The overall median observation period was 51 (IQR: 23–77) months, and there was no statistically significant difference between the groups (p = 0.50) (Table 3). Median interval from renal biopsy to start of the induction therapy was 1 (IQR: − 7–9) day, and there was no statistically significant difference between the two groups (p = 0.85). During induction therapy, prednisolone was prescribed for all patients. The proportion of patients in the lower eGFR group who received methylprednisolone pulse therapy was higher than that in the higher eGFR group (62% [26/42] vs. 51% [25/49], respectively). However, the proportion of patients who received any type of immunosuppressants was not statistically different between the two groups. Of all patients, five were lost to follow-up and four died during induction therapy. Of the remaining, 82 received maintenance therapy, and of these, 66 responded to induction therapy29. There was no statistically significant difference in the content of maintenance treatment between the groups. Overall, 54/85 patients achieved CR; the cumulative incidence of CR in the lower eGFR group was lower (38%, 15/39) than that in the higher eGFR group (55%, 39/46). Overall (n = 91), 16 patients developed 1.5-fold increase in sCr, eight patients had doubling of sCr, and two patients reached end-stage renal disease (ESRD) during the entire observation period. Six patients died, and all of them were in the lower eGFR group. Regarding the adverse events after the initiation of induction therapy, the incidence of steroids-induced diabetes was significantly higher in the lower eGFR group (52%, 22/42) than that in the higher eGFR group (31%, 15/46) (see Supplementary Table S2 online).

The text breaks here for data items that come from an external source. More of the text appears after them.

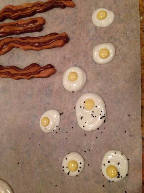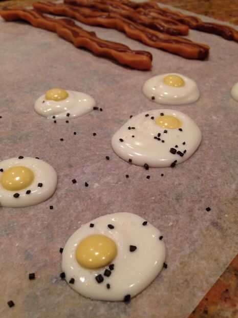 Colocar las galletas sobre papel de cera. Derrita el chocolate. Sacar una cucharada de chocolate de galleta y parte inferior de la cuchara para distribuido uniformemente alrededor de la galleta. Pala otra cucharada de chocolate y extensión alrededor hasta que se asemeja a un huevo. Colocar caramelo amarillo al lado de la galleta en el chocolate. Espolvorear de azúcar/chispitas de blancos y negros.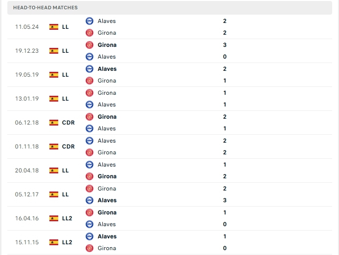Lịch sử thi đấu của Alaves vs Girona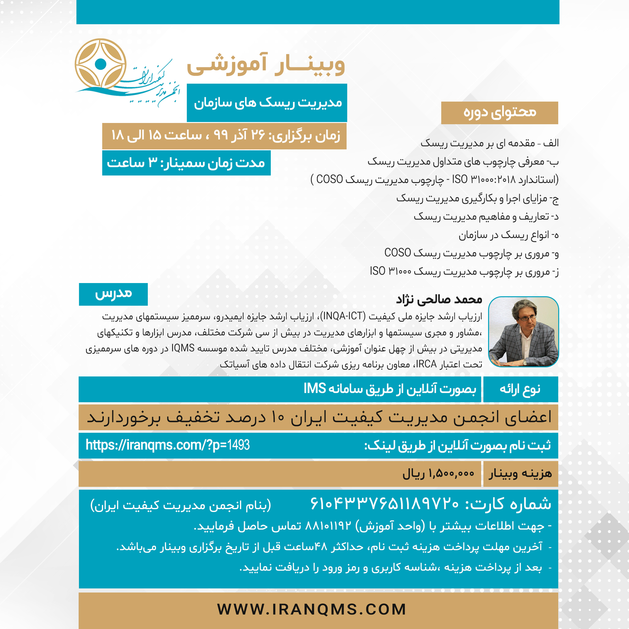 انجمن مدیریت کیفیت ایران در نظر دارد وبینار آموزشی با عنوان مدیریت ریسک های سازمان بصورت آنلاین در تاریخ 26 آذر 99 برای مدیران و کارشناسان حوزه مدیریت کیفیت و منابع انسانی و مدیران فناوری اطلاعات برگزار نماید.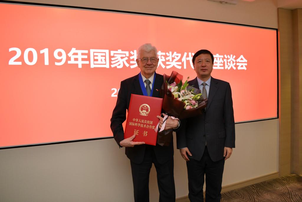1月13日,在我校国家科学技术奖获奖者代表座谈会上,同济讲座教授Herbert Mang收到科技参赞雷风云转交的中华人民共和国驻奥地利共和国大使李晓驷的贺信,祝贺他荣获2019年度国际科学技术合作奖,对他为中奥两国科技合作作出的突出贡献表示感谢,希望Mang教授继续为两国未来的科技合作贡献力量。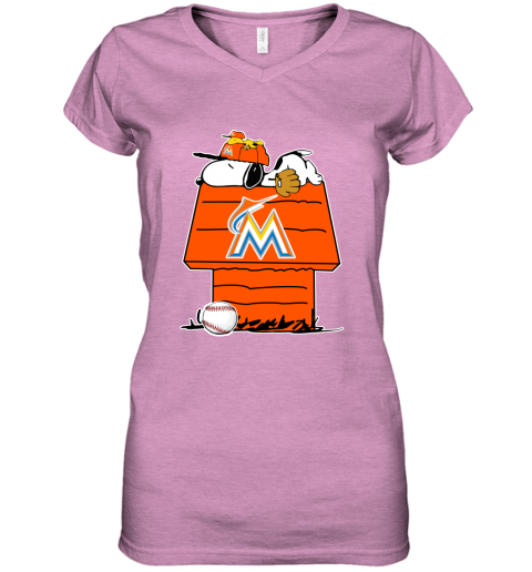 MLB Miami Marlins Snoopy Woodstock The Peanuts Movie Baseball T Shirt
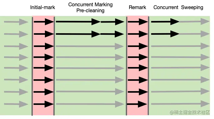 上图灰色箭头为应用线程,而黑色箭头为GC线程,CMS在Initial-mark阶段开启多个GC线程对GC Root进行标记,该阶段通常时间会比较短。CMS在并发标记与并发预清除阶段同会开启多线程工作,该阶段GC线程与应用线程并发工作。上图中Concurrent Making Pre-cleaning 阶段中长的黑色箭头代表处理Concurrent Making工作的GC线程,短的黑色箭头代表处理Pre-cleaning工作的线程。CMS在重新标记同样开启多个GC线程并且与Initial-mark阶段一样会SWT。CMS在并发清除阶段GC线程与应用线程并发工作。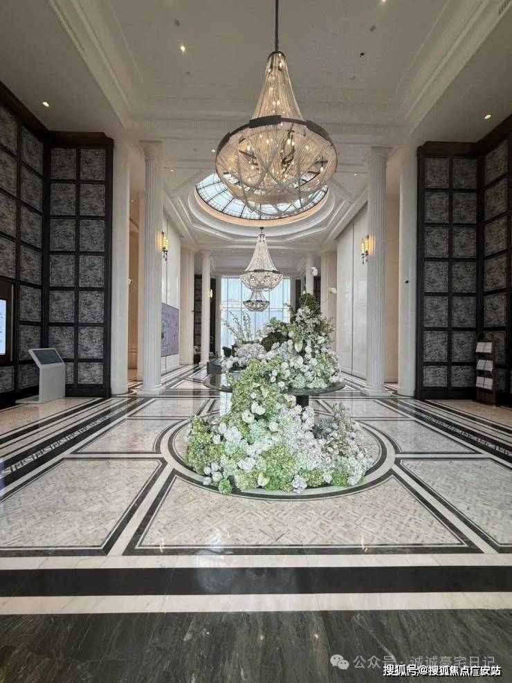 预接待厅地面瓷砖采用威尼斯白与爵士白石材拼花设计,纯人工铺装保证花纹的奢华质感。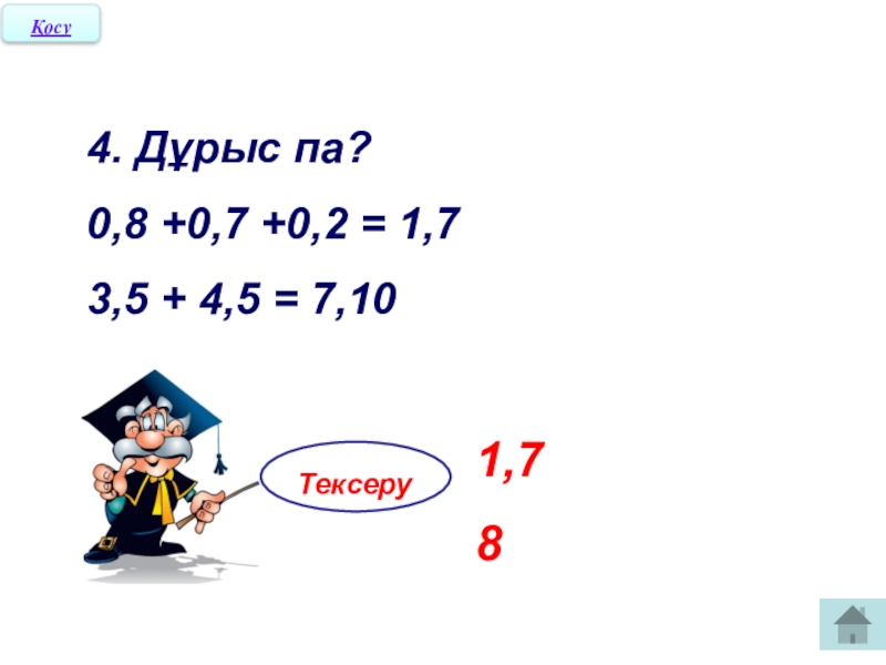 Ондық бөлшектерді қосу ережесін қайталадық, енді тапсырмаларды еш қиындықсыз шешеміз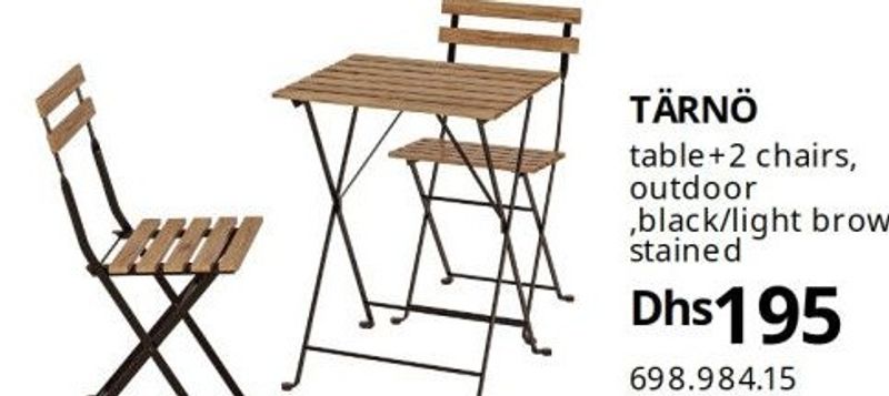 TÄRNÖ table + 2 chairs, outdoor, black/light brown stained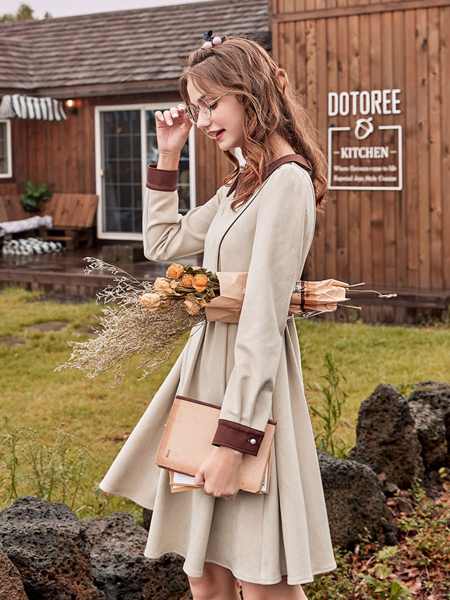 MG小象復古氣質連衣裙女秋冬2018新款娃娃領收腰中長款chic裙子潮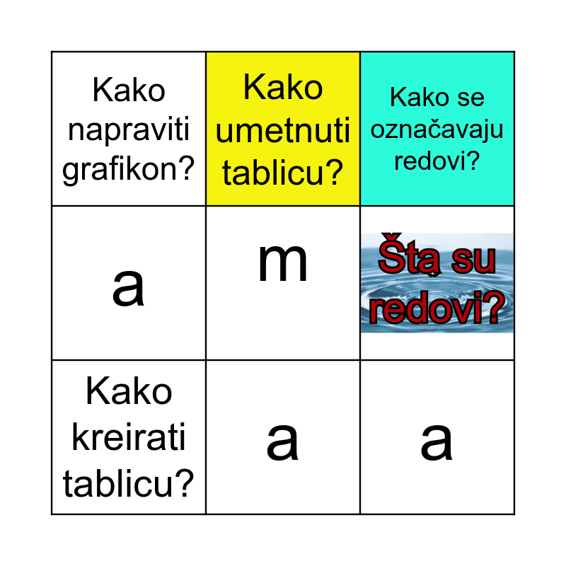 This bingo card has 1 images, a free space and 8 words: Šta su redovi?, Kako se označavaju redovi?, Kako umetnuti tablicu?, Kako kreirati tablicu?, Kako napraviti grafikon?, a, a and a.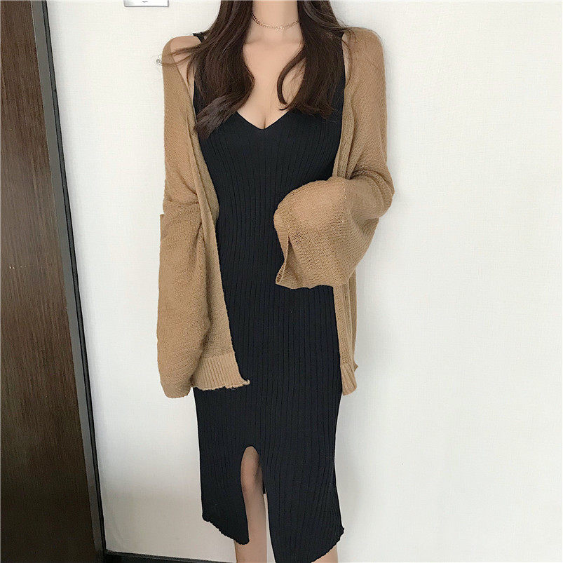 Шерстяное платье-комбинация, юбка, черный длинный трикотажный жилет, платье без рукавов, 2018, V-образный вырез, облегающий крой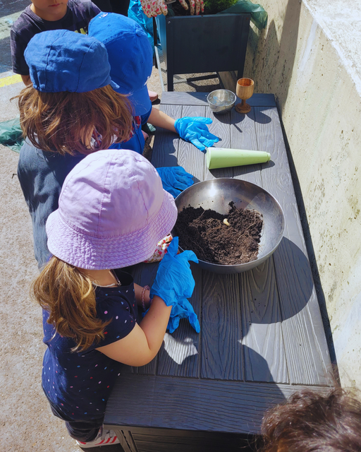 Zurück in der Kita 🏡 haben wir mit den Vorbereitungen begonnen. Leider haben wir dann festgestellt, dass es in einem Hochbeet 🪴 Engerlinge 🐛 hatte. Die Betreuerin 👩🏫 hat uns erklärt, dass diese Tiere die Pflanzen fressen 🐞 und so haben wir die gesamte Erde entsorgt 🗑️.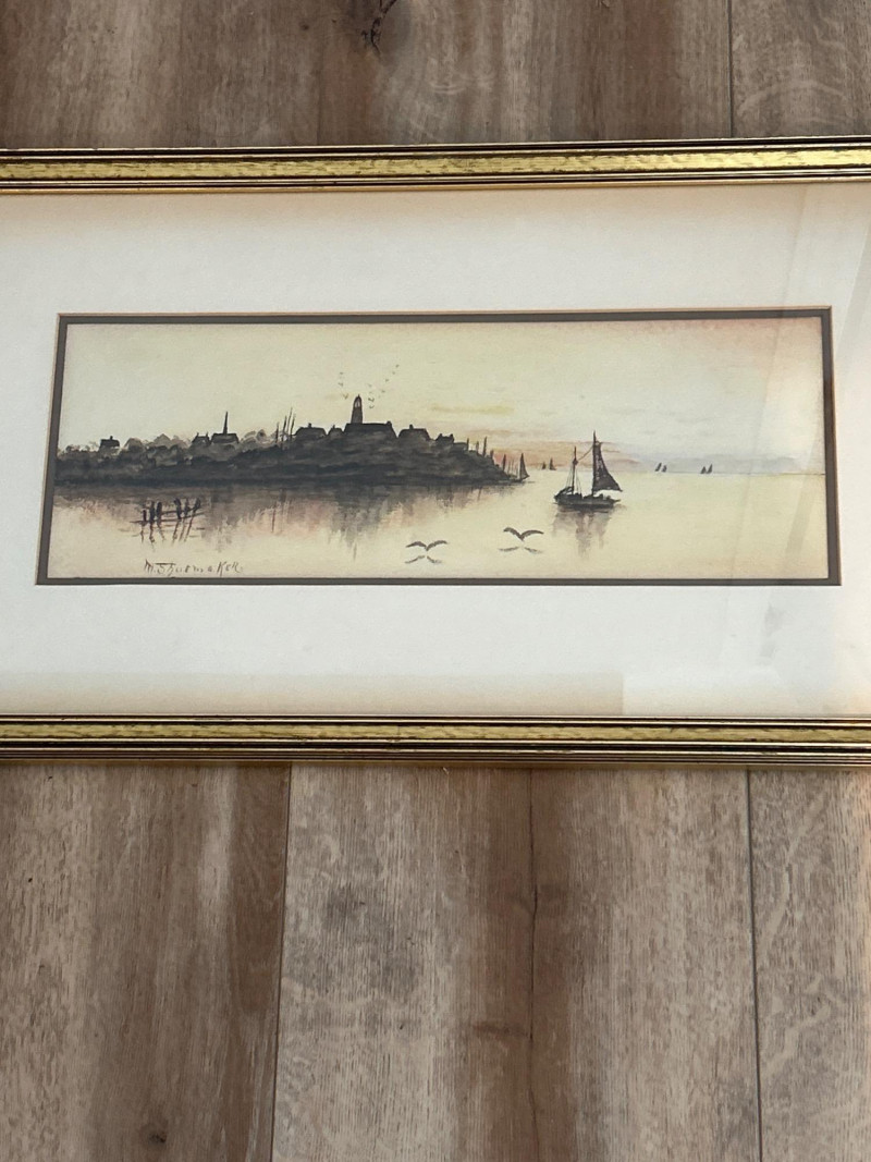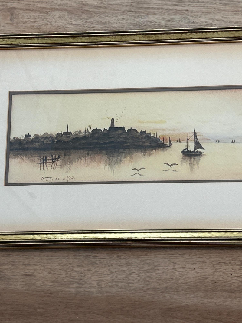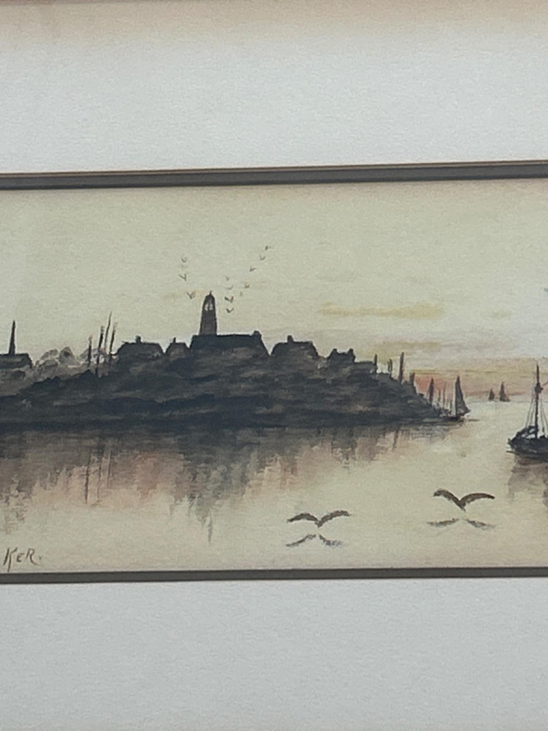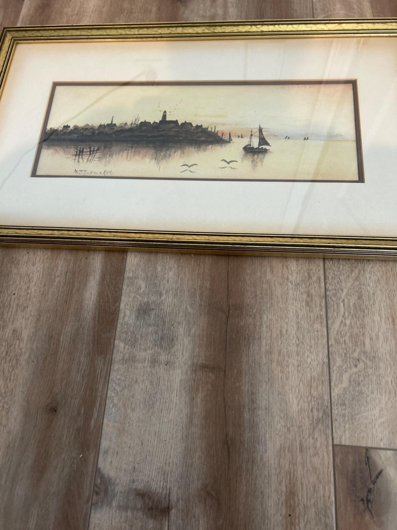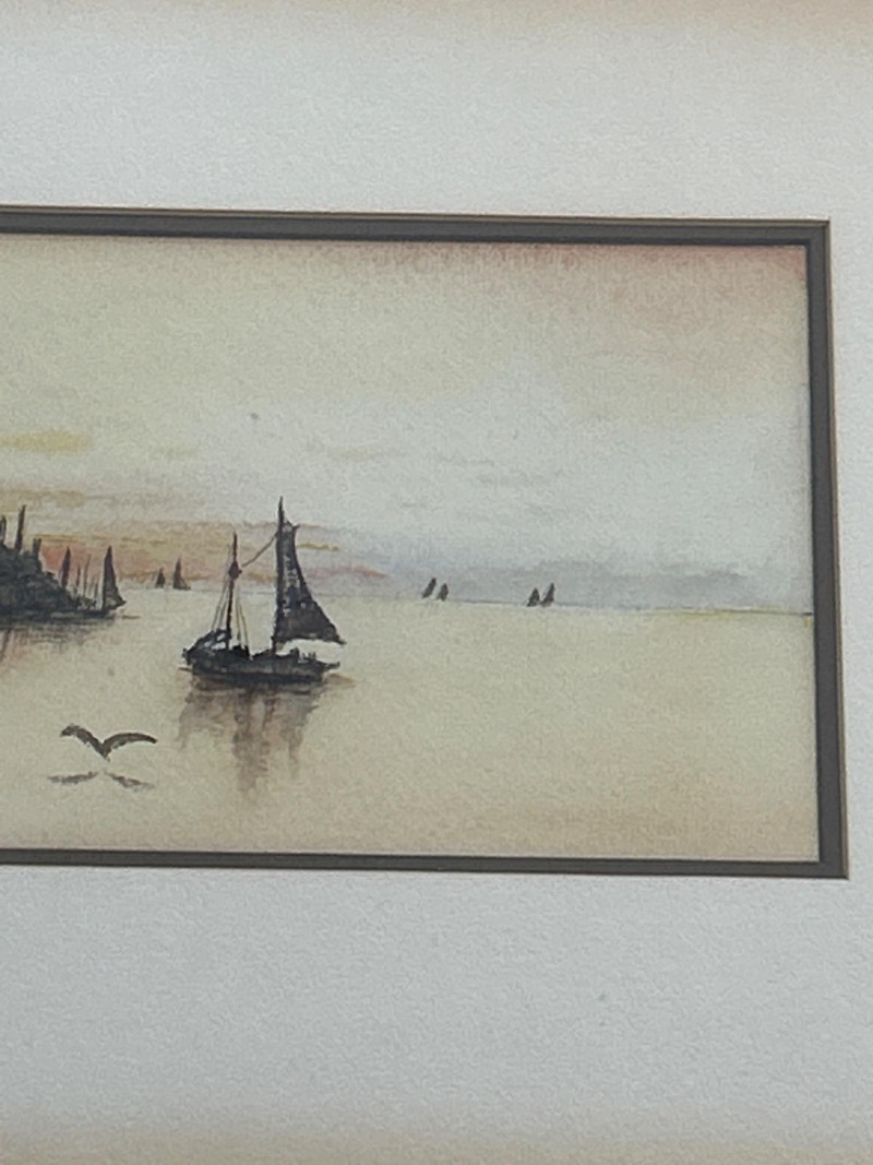 Description:A tranquil maritime scene rendered in soft watercolor washes, this signed piece by M. Shuemakercaptures the quiet poetry of a harbor at dawn or dusk: Imagery:A lone sailboat glides across still waters, flanked by birds in mid-flight and a distant shoreline dotted with buildings and a lighthouse Palette:Muted tones of sepia, slate, and pale gold evoke a sense of calm and nostalgia Presentation:Elegantly framed in a gold-tone molding with a wide cream mat; frame measures approx. 13.5" x 23.5" Signature:Lower left, artist-signed “M. Shuemaker” Medium:Watercolor on paper Era:Likely mid-20th century

Table 3 Medication during 6-month induction therapy and clinical outcomes.

Survival curves for renal function decline and CR

The cumulative incidence of renal event (1.5-fold increase in sCr)-free survival and CR are illustrated in Fig. 3. Time to CR was assessed within 5 years from the initiation of induction therapy because none of the patients achieved CR after 5 years. The baseline eGFR levels were not associated with renal function decline (p = 0.80) (Fig. 3a), but patients in the higher eGFR group were more likely to achieve CR than were those in the lower eGFR group (p < 0.001) (Fig. 3b). Similarly, the presence of nephrotic syndrome was not associated with renal function decline (p = 0.84) (Fig. 3c), but patients without nephrotic syndrome were also more likely to achieve CR than those with nephrotic syndrome (p = 0.006) (Fig. 3d).

Figure 3
figure 3

Survival curves of clinical outcomes. Kaplan–Meier plots are described according to the baseline eGFR levels (a,b), and with or without nephrotic syndrome (c,d). The cumulative incidence of renal event (1.5-fold increase in serum creatinine, sCr)-free survival is indicated on the y-axis (a,c), and that of complete remission is indicated on the y-axis (b,d). Duration (months) from the initiation of the induction therapy is indicated on x-axis. eGFR estimated glomerular filtration rate; NS nephrotic syndrome.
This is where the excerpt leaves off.